* [Exercise description]:
Keep every word of the listing and reproduce it exactly, but set aside any image found there.

* [Source material]:
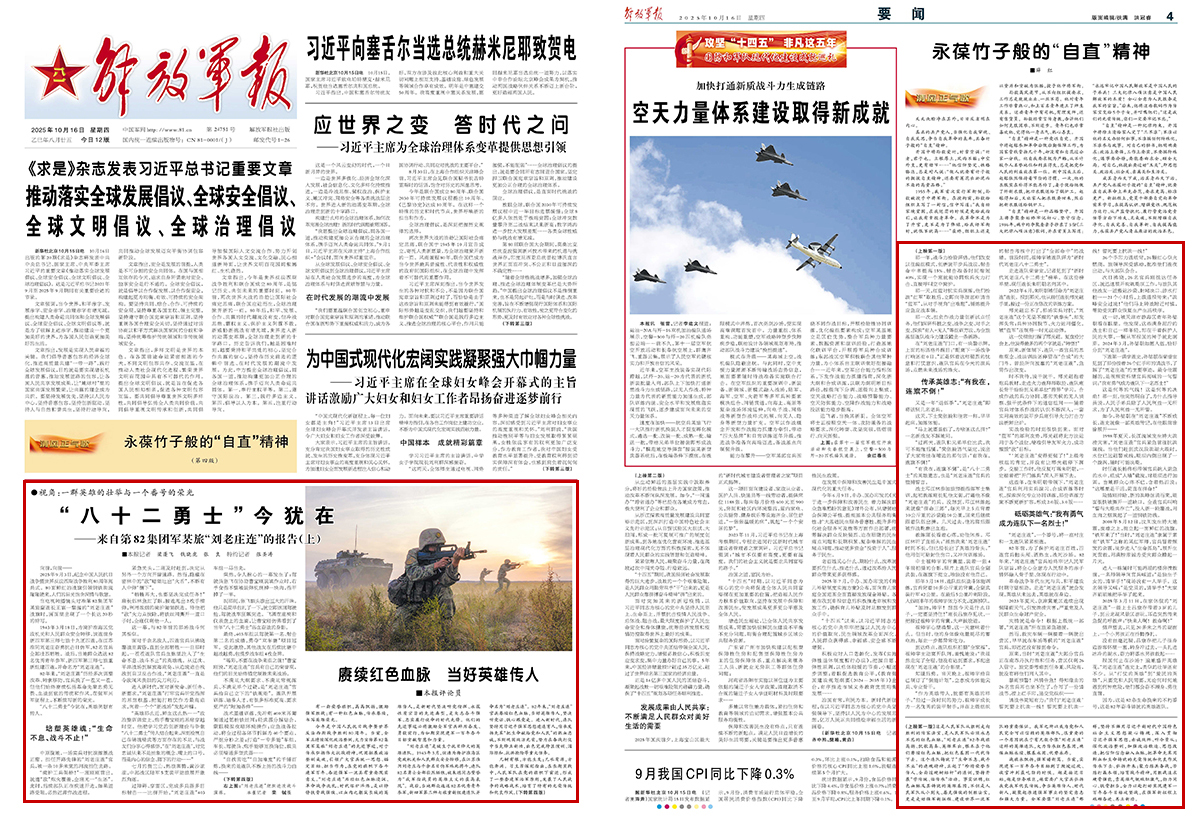 今年是中国人民抗日战争暨世界反法西斯战争胜利80周年。当前,全军正持续深化政治整训,大力宣传第82集团军某旅“刘老庄连”的先进事迹,对于传承弘扬伟大抗战精神,巩固拓展政治整训成效,引领广大官兵统一思想、锚定目标、担当作为,在党的旗帜下奋斗建军百年、奋进强军一流具有重要现实意义。“刘老庄连”历经红色血脉浸润、革命战争洗礼、时代熔炉淬炼,是以铮铮铁骨战强敌、以血肉之躯筑长城的英雄传人,是新时代坚决听党指挥、永葆性质宗旨的先进典型,是矢志奋斗强军、忠实履行使命的时代先锋。他们的先进事迹必将激励全军官兵踔厉奋发、勇毅前行,为如期实现建军一百年奋斗目标贡献智慧和力量。
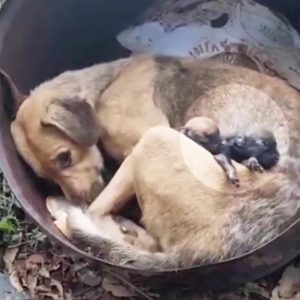 On a cold, rain-soaked afternoon, a mother dog wandered through unfamiliar streets, her small puppy held carefully in her mouth as she searched for safety. She had no shelter to return to, no…
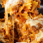 - Add pasta and sauce layers: Sprinkle half of the uncooked bowtie pasta evenly over the sauce. Pour the remaining half jar of marinara sauce over the pasta layer.
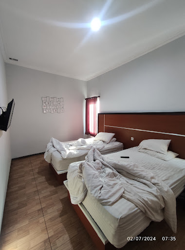Minus : Kebersihan kamar, jadi sepertinya petugasnya gak bersihin kamar nih, cuma ngerapihin aja.. Kronologinya gini, saya cek in malam sehabis isya, saya dpt kamar no 1. Setelah masuk kamar saya liat kasurnya dalam keadaan rapih, tapi ada beberapa helai rambut yg panjang ada di kasur, trs kamar mandinya kok masih basah dan kotor banget ubinnya, bukan kotor karna jamur ya tapi kotor karna alas kaki, atau kaki yg kotor. Yang lebih parahnya lagi toiletnya masih ada bekas pub yang gak disiram... Fatal banget sih ini kok bsa petugasnya gak ngecek! Lalu saya komplain lah ke resepsionis dia bilangnya kamar dibersihkan, dibersihkan apanya kok bekas pub gak disiram, akhirnya saya minta pindah kamar, pindah lah saya ke kamar nomor 10, setelah masuk saya lihat kamar mandinya oke kering, ada kecoa kecil tapi gak masalah buat saya. Tapi sabun mandinya habis, kok bisa gak diisi? Trs pas saya mau bikin kopi, lah kok teko pemanas airnya masih ada air separo...lagi2 petugasnya gak ngebersihin kamar ini, cuma ngerapih kasur aja menurut saya.
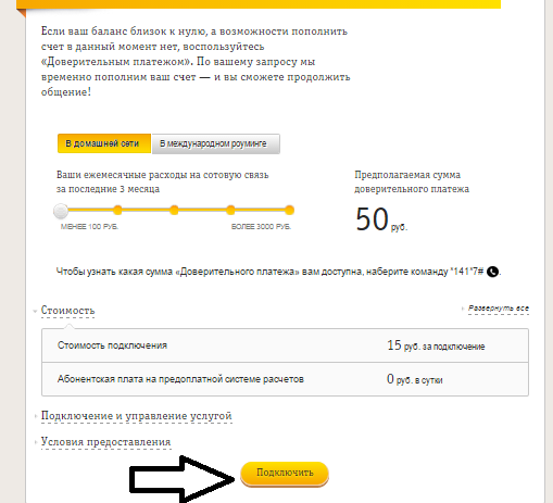 Чтобы узнать, какая сумма вам доступна, наберите *141*7# и нажмите кнопку вызова. Минимальная доступная сумма — 50 рублей, максимальная — 450. Величина доверительного платежа зависит от ежемесячных трат на связь (если вы тратите в месяц меньше 50 рублей, услугу могут вообще не подключить).
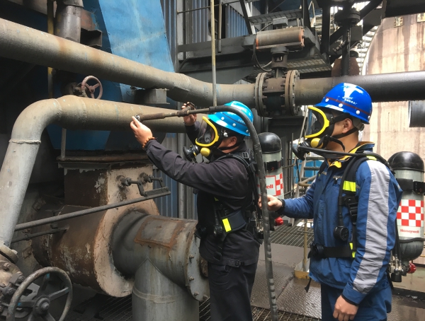 此次演練以2號(hào)35t/h鍋爐高爐煤氣泄露為背景。當(dāng)突發(fā)高爐煤氣泄露事故時(shí),崗位員工能迅速發(fā)現(xiàn)泄露點(diǎn),及時(shí)匯報(bào)應(yīng)急指揮小組和相關(guān)部門(mén),并迅速穿戴好空氣呼吸器等安全裝備進(jìn)行應(yīng)急救援處理,并根據(jù)泄漏點(diǎn)大小和風(fēng)向等確認(rèn)高爐煤氣的擴(kuò)散范圍、做好危險(xiǎn)區(qū)域警戒,進(jìn)而科學(xué)有序地分步驟做好后續(xù)各項(xiàng)應(yīng)急應(yīng)對(duì)舉措。
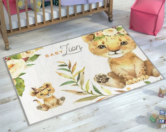 Baby Lion Rug, Cute Animal Carpet, Floral Mat, Baby Room Decor, Nursery Rug, Baby Gift
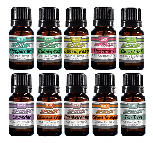 Aromatherapy Sponix Top 10 Essential Oils - 100% Pure & Natural (Peppermint, Eucalyptus, Lemongrass, Rosemary, Clove Leaf, Lavender, Cinnamon Leaf,...
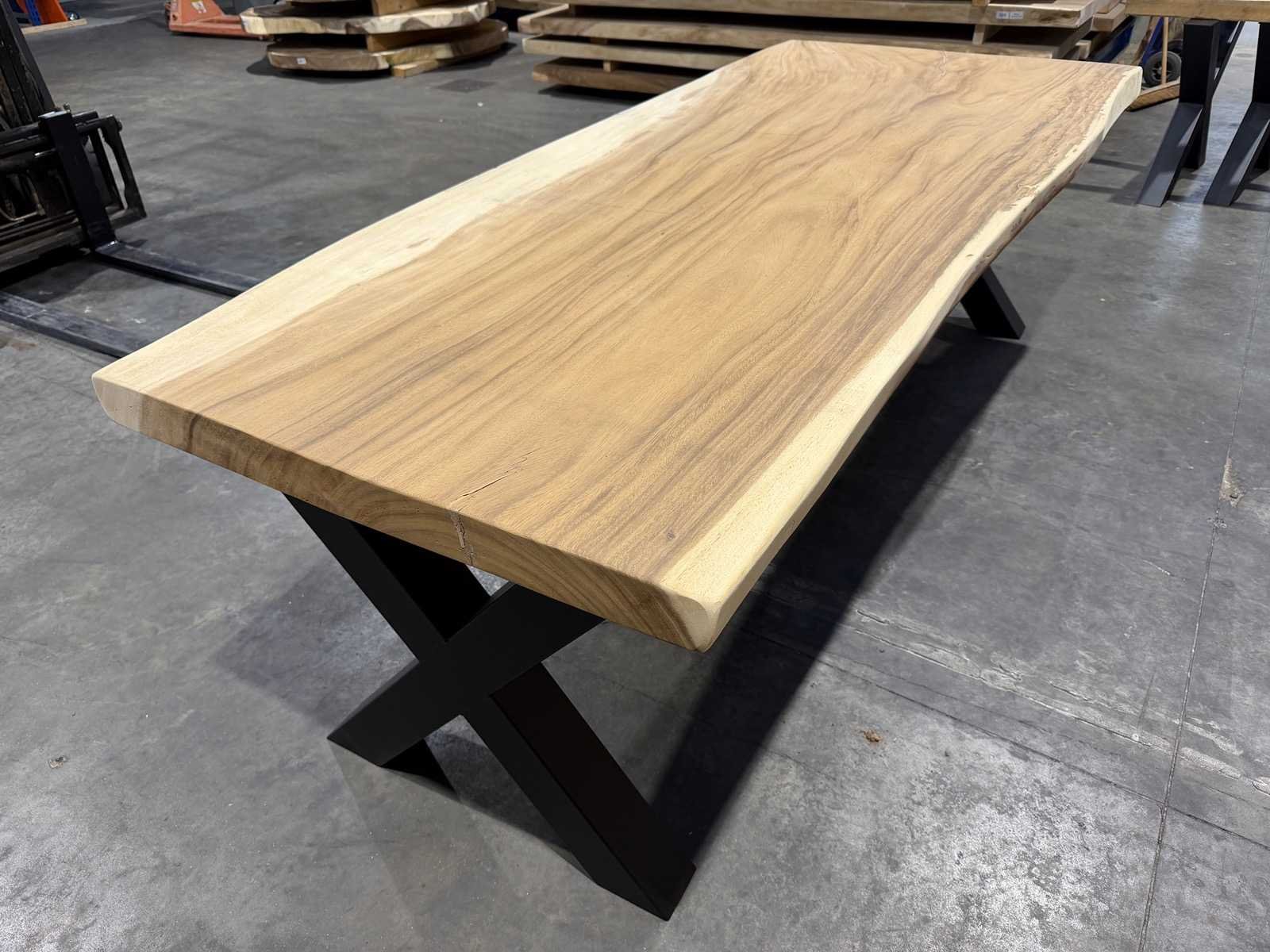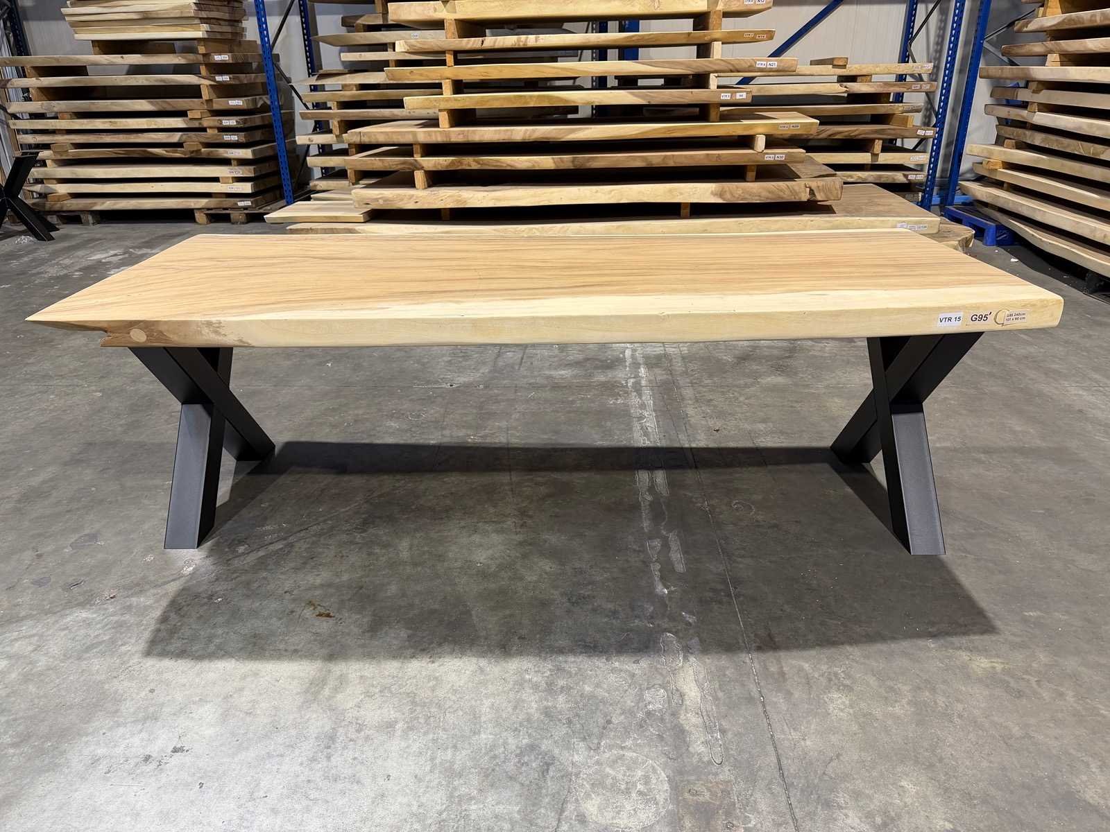 100/91; 8cm. dik massief; metalen X poot; onderstel wordt er los bijgeleverd. Zitplaatsen: 6 Lengte: 240cm Hoogte: 77cm Materiaal: suar

* [Written answer]:
 今年是中国人民抗日战争暨世界反法西斯战争胜利80周年。当前,全军正持续深化政治整训,大力宣传第82集团军某旅“刘老庄连”的先进事迹,对于传承弘扬伟大抗战精神,巩固拓展政治整训成效,引领广大官兵统一思想、锚定目标、担当作为,在党的旗帜下奋斗建军百年、奋进强军一流具有重要现实意义。“刘老庄连”历经红色血脉浸润、革命战争洗礼、时代熔炉淬炼,是以铮铮铁骨战强敌、以血肉之躯筑长城的英雄传人,是新时代坚决听党指挥、永葆性质宗旨的先进典型,是矢志奋斗强军、忠实履行使命的时代先锋。他们的先进事迹必将激励全军官兵踔厉奋发、勇毅前行,为如期实现建军一百年奋斗目标贡献智慧和力量。
 On a cold, rain-soaked afternoon, a mother dog wandered through unfamiliar streets, her small puppy held carefully in her mouth as she searched for safety. She had no shelter to return to, no…
 - Add pasta and sauce layers: Sprinkle half of the uncooked bowtie pasta evenly over the sauce. Pour the remaining half jar of marinara sauce over the pasta layer.
Minus : Kebersihan kamar, jadi sepertinya petugasnya gak bersihin kamar nih, cuma ngerapihin aja.. Kronologinya gini, saya cek in malam sehabis isya, saya dpt kamar no 1. Setelah masuk kamar saya liat kasurnya dalam keadaan rapih, tapi ada beberapa helai rambut yg panjang ada di kasur, trs kamar mandinya kok masih basah dan kotor banget ubinnya, bukan kotor karna jamur ya tapi kotor karna alas kaki, atau kaki yg kotor. Yang lebih parahnya lagi toiletnya masih ada bekas pub yang gak disiram... Fatal banget sih ini kok bsa petugasnya gak ngecek! Lalu saya komplain lah ke resepsionis dia bilangnya kamar dibersihkan, dibersihkan apanya kok bekas pub gak disiram, akhirnya saya minta pindah kamar, pindah lah saya ke kamar nomor 10, setelah masuk saya lihat kamar mandinya oke kering, ada kecoa kecil tapi gak masalah buat saya. Tapi sabun mandinya habis, kok bisa gak diisi? Trs pas saya mau bikin kopi, lah kok teko pemanas airnya masih ada air separo...lagi2 petugasnya gak ngebersihin kamar ini, cuma ngerapih kasur aja menurut saya.
 Чтобы узнать, какая сумма вам доступна, наберите *141*7# и нажмите кнопку вызова. Минимальная доступная сумма — 50 рублей, максимальная — 450. Величина доверительного платежа зависит от ежемесячных трат на связь (если вы тратите в месяц меньше 50 рублей, услугу могут вообще не подключить).
 此次演練以2號(hào)35t/h鍋爐高爐煤氣泄露為背景。當(dāng)突發(fā)高爐煤氣泄露事故時(shí),崗位員工能迅速發(fā)現(xiàn)泄露點(diǎn),及時(shí)匯報(bào)應(yīng)急指揮小組和相關(guān)部門(mén),并迅速穿戴好空氣呼吸器等安全裝備進(jìn)行應(yīng)急救援處理,并根據(jù)泄漏點(diǎn)大小和風(fēng)向等確認(rèn)高爐煤氣的擴(kuò)散范圍、做好危險(xiǎn)區(qū)域警戒,進(jìn)而科學(xué)有序地分步驟做好后續(xù)各項(xiàng)應(yīng)急應(yīng)對(duì)舉措。
 Baby Lion Rug, Cute Animal Carpet, Floral Mat, Baby Room Decor, Nursery Rug, Baby Gift
 Aromatherapy Sponix Top 10 Essential Oils - 100% Pure & Natural (Peppermint, Eucalyptus, Lemongrass, Rosemary, Clove Leaf, Lavender, Cinnamon Leaf,...
 100/91; 8cm. dik massief; metalen X poot; onderstel wordt er los bijgeleverd. Zitplaatsen: 6 Lengte: 240cm Hoogte: 77cm Materiaal: suar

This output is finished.